GazeDetector
Pure-geometry gaze direction from MediaPipe iris landmarks.
GazeDetector (from @framefind/core) is the underlying class that useGazeDetector wraps. It uses the iris landmarks (478-point set) MediaPipe FaceLandmarker already produces, so no ONNX model is fetched.
The algorithm is simple geometry:
- Locate the iris center (landmark 468 for left eye, 473 for right).
- Map it to
[-1, 1]inside the eye's bounding box (outer/inner corners + top/bottom lids). - Average both eyes.
- Subtract a scaled version of head yaw/pitch to remove head-pose contamination.
- Apply a One Euro filter for low-lag smoothing.
Browser usage
import { GazeDetector } from "@framefind/core";
const detector = new GazeDetector({});
await detector.load();
// on each frame:
const result = detector.detectFromVideo(videoEl);
console.log(result.x, result.y, result.region);
// when done:
detector.dispose();detectFromVideo is synchronous — it returns the latest gaze immediately, no canvas needed.
Node.js
GazeDetectorNode does not run MediaPipe itself — it takes landmarks you already produced (e.g. via @tensorflow-models/face-landmarks-detection with refineLandmarks: true, which yields the 478-point iris-augmented set).
import { GazeDetectorNode } from "@framefind/core/node";
const gaze = new GazeDetectorNode({});
const result = gaze.detectFromLandmarks(landmarks, yawDeg, pitchDeg);
console.log(result.region, result.screen);If you don't have head-pose angles, pass 0, 0 — the result will simply not be head-compensated.
Options
new GazeDetector({
// Face landmarker assets.
faceLandmarkerModelUrl: "...",
mediapipeWasmPath: "...",
minFaceDetectionConfidence: 0.5,
minFacePresenceConfidence: 0.5,
minTrackingConfidence: 0.5,
// Multipliers applied to head yaw/pitch (in degrees) before subtracting from gaze.
// Tune these on your camera setup — typical values 0.008 – 0.02.
yawCompensation: 0.012,
pitchCompensation: 0.012,
// Half-width of the central "center" region. Default: 0.18
deadzone: 0.18,
// Flip gaze horizontally — set true for mirrored selfie cameras. Default: true.
mirrorX: true,
// Flip gaze vertically. Default: false.
mirrorY: false,
// Smoothing. Default: One Euro.
smoothing: { type: "oneEuro" },
// Prefer GPU delegate. Default: true, falls back to CPU.
preferGpu: true,
// Minimum ms between inferences in a frame loop. Default: 0.
inferenceIntervalMs: 0,
});Result type
type GazeRegion =
| "top-left" | "top" | "top-right"
| "left" | "center" | "right"
| "bottom-left" | "bottom" | "bottom-right";
type GazeResult = {
x: number;
y: number;
region: GazeRegion;
rawX: number;
rawY: number;
screen: { x: number; y: number };
faceDetected: boolean;
};x and y are the head-compensated, smoothed gaze in [-1, 1]. rawX/rawY are the unfiltered iris-in-eye ratio if you want to apply your own compensation. screen maps (x, y) linearly to [0, 1] so it can be used as a normalized cursor position.
Calibration
The detector ships with a per-user affine calibrator. After 5–9 samples it fits a 2×3 transform that maps the head-compensated raw gaze directly to screen coordinates in [0, 1].

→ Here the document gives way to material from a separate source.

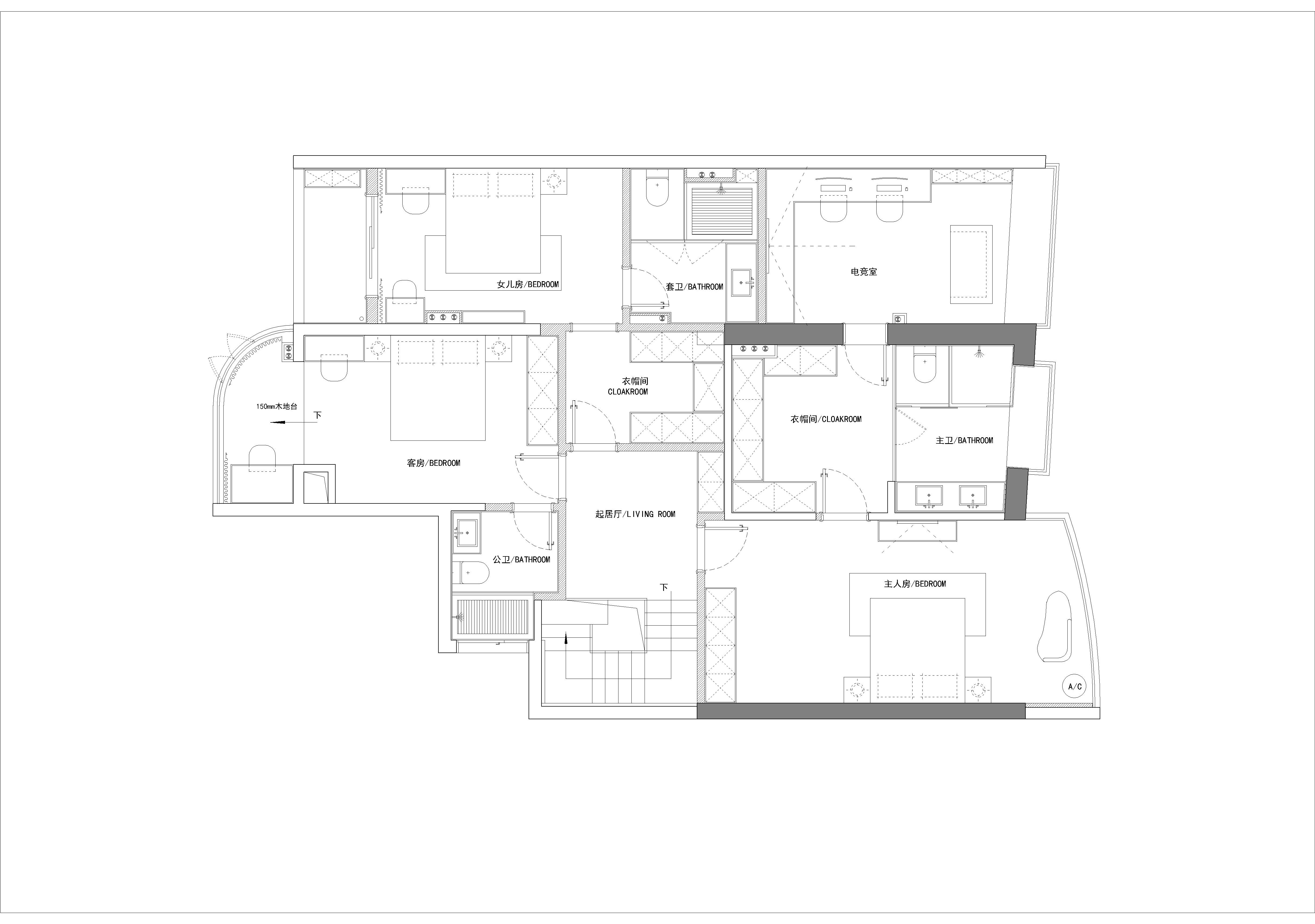 本案坐落于廣州珠江岸邊,視野開拓,清風徐徐,站在一覽無余的落地玻璃窗邊,讓人有一種一覽眾山小的感受,色調上的遞進感把空間的層次一步步推向縱深,讓空間處處有形且融于整體,色調和且不張揚,給現在的年輕人一種避世的歸屬感,找到屬于自己獨立且靜謐的空間。

// Show a dot at (0.1, 0.1) and have the user fixate for ~1 second.
detector.addCalibrationSample(0.1, 0.1);
// ...repeat for the rest of the grid...
const cal = detector.calibrate();
if (cal) {
console.log("Affine fit:", cal.xRow, cal.yRow, cal.sampleCount);
}
detector.isCalibrated(); // boolean
detector.getCalibration(); // GazeCalibration | null
detector.setCalibration(cal); // inject a saved calibration
detector.clearCalibration(); // drop samples + active transformaddCalibrationSample uses the most recent detector output, so call it only after detectFromVideo has produced a faceDetected: true result. The minimum sample count is 3 (the number of affine parameters per axis); 9 is recommended for screen-spanning accuracy.
To persist across sessions, save the GazeCalibration object — it is plain JSON.
type GazeCalibration = {
xRow: [number, number, number]; // [a, b, c] — screenX = a*rawX + b*rawY + c
yRow: [number, number, number]; // [d, e, f] — screenY = d*rawX + e*rawY + f
sampleCount: number;
};For lower-level use (e.g. averaging multiple frames per target before pushing a sample), pushCalibrationSample({ rawX, rawY, targetX, targetY }) accepts explicit raw values.
Cleanup
detector.dispose();Releases the MediaPipe face landmarker, resets smoothing, and clears any active calibration.